━━ Data section

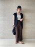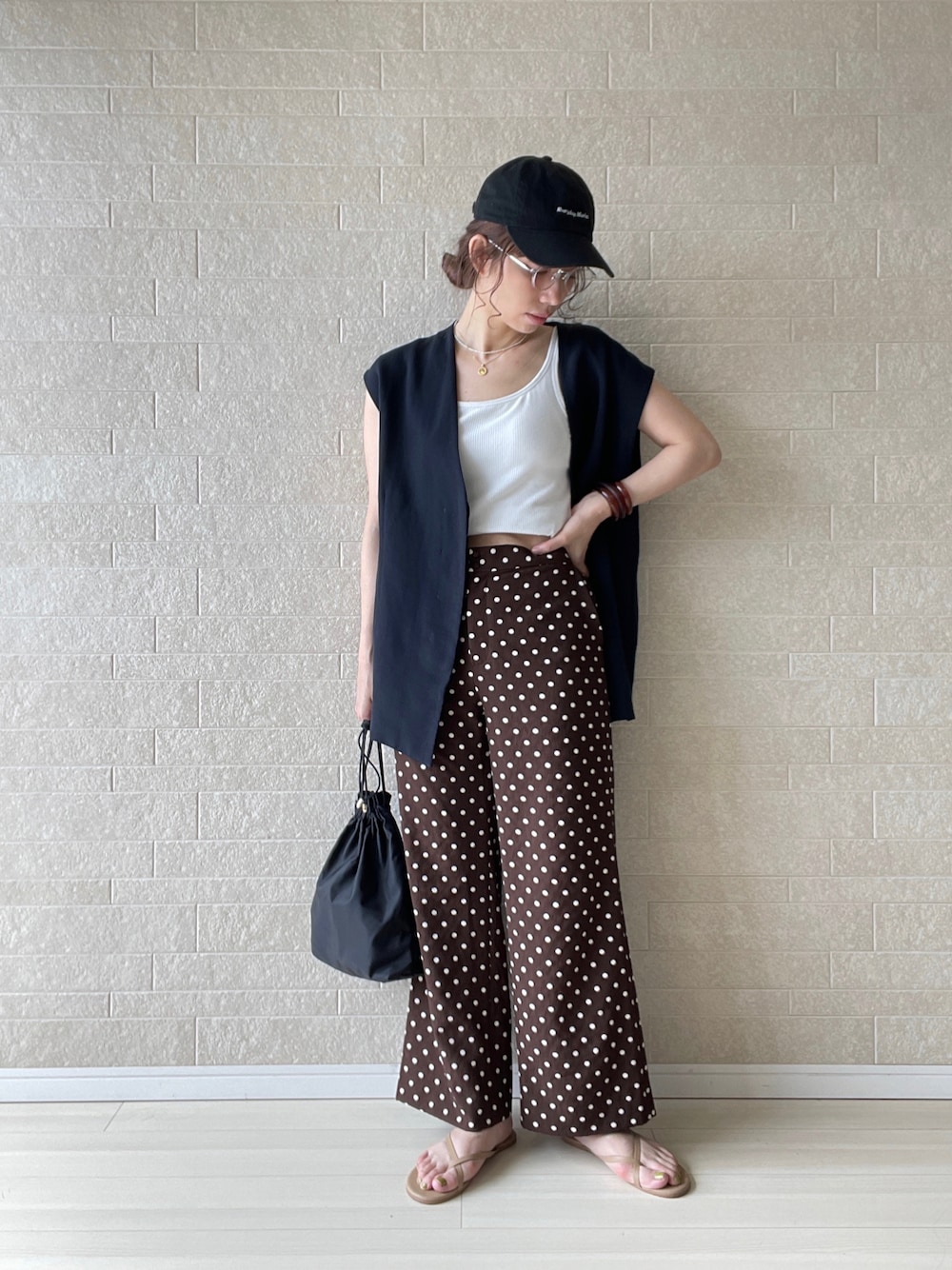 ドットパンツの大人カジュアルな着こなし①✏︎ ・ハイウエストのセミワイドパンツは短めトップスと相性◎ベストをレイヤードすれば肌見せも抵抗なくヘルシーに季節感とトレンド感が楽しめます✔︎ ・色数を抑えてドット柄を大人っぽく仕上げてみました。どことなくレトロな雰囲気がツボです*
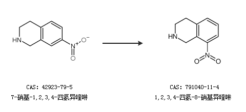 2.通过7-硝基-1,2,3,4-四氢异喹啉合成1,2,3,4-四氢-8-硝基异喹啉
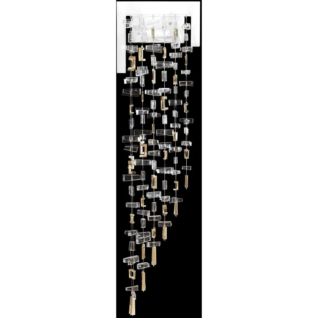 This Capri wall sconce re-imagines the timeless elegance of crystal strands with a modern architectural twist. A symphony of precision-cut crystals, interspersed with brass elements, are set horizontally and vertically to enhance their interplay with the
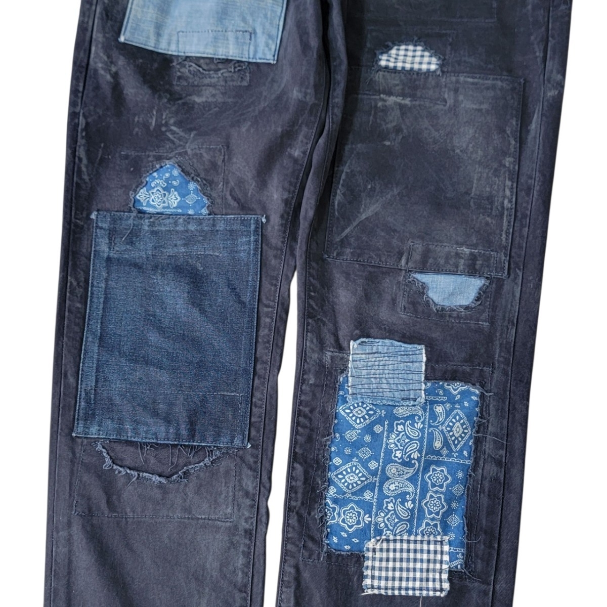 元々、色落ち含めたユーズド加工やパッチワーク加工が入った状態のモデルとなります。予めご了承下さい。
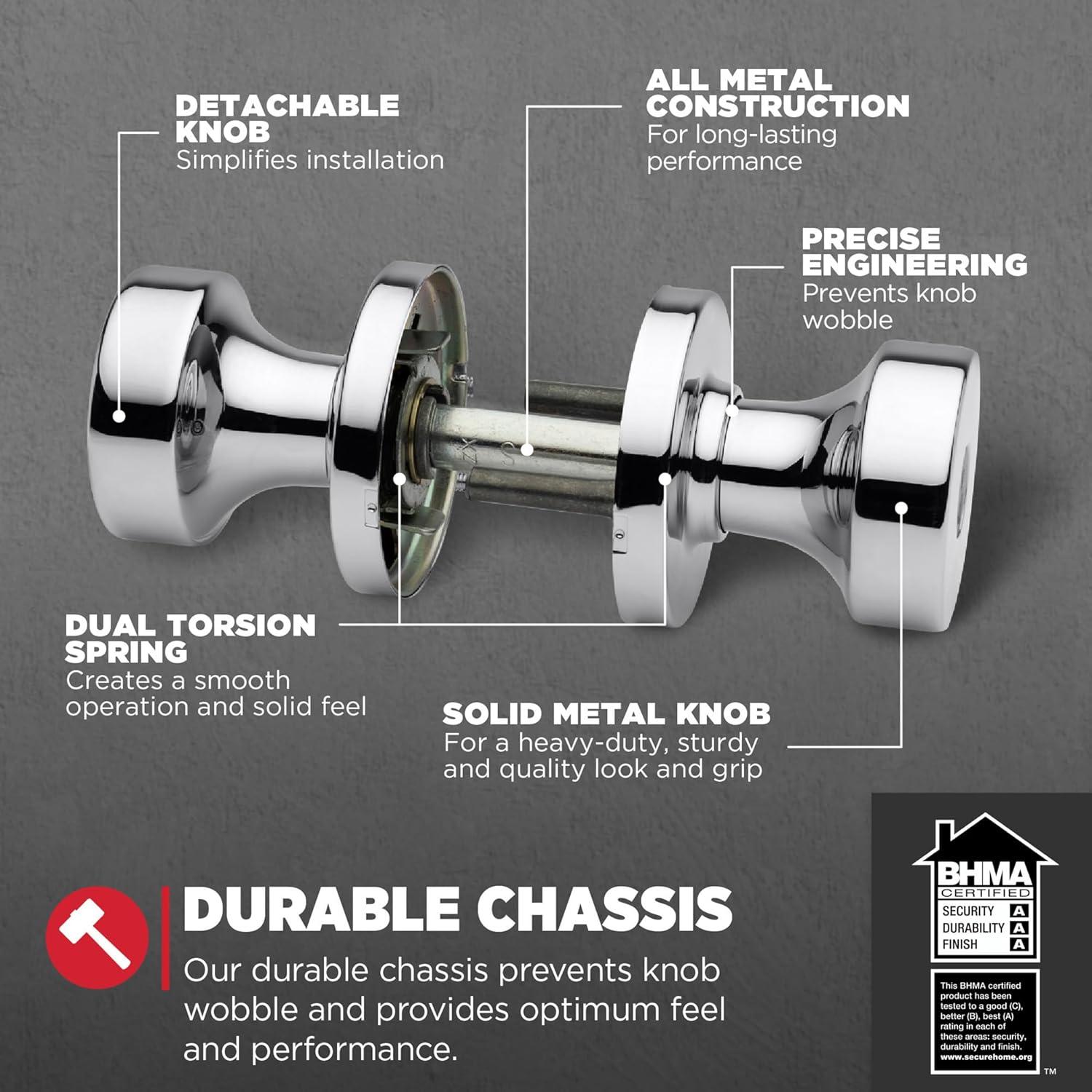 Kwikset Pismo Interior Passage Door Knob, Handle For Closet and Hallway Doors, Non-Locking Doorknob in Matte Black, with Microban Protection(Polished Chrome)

━━━━
━━ Data section

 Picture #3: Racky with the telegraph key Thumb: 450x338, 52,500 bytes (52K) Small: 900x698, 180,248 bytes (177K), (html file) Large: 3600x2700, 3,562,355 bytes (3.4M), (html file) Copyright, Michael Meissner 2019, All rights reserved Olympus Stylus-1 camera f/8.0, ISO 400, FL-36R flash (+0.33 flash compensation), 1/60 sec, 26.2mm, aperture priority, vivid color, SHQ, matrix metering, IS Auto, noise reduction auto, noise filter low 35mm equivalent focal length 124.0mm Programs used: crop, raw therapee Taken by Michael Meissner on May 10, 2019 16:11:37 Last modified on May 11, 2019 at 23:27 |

━━━━

In the entries above, which lines run from the one with "This Capri wall" up to and including the one with "元々、色落ち含めたユーズド加"? Write them out exactly, without the pictures.

*Written response*
 This Capri wall sconce re-imagines the timeless elegance of crystal strands with a modern architectural twist. A symphony of precision-cut crystals, interspersed with brass elements, are set horizontally and vertically to enhance their interplay with the
 元々、色落ち含めたユーズド加工やパッチワーク加工が入った状態のモデルとなります。予めご了承下さい。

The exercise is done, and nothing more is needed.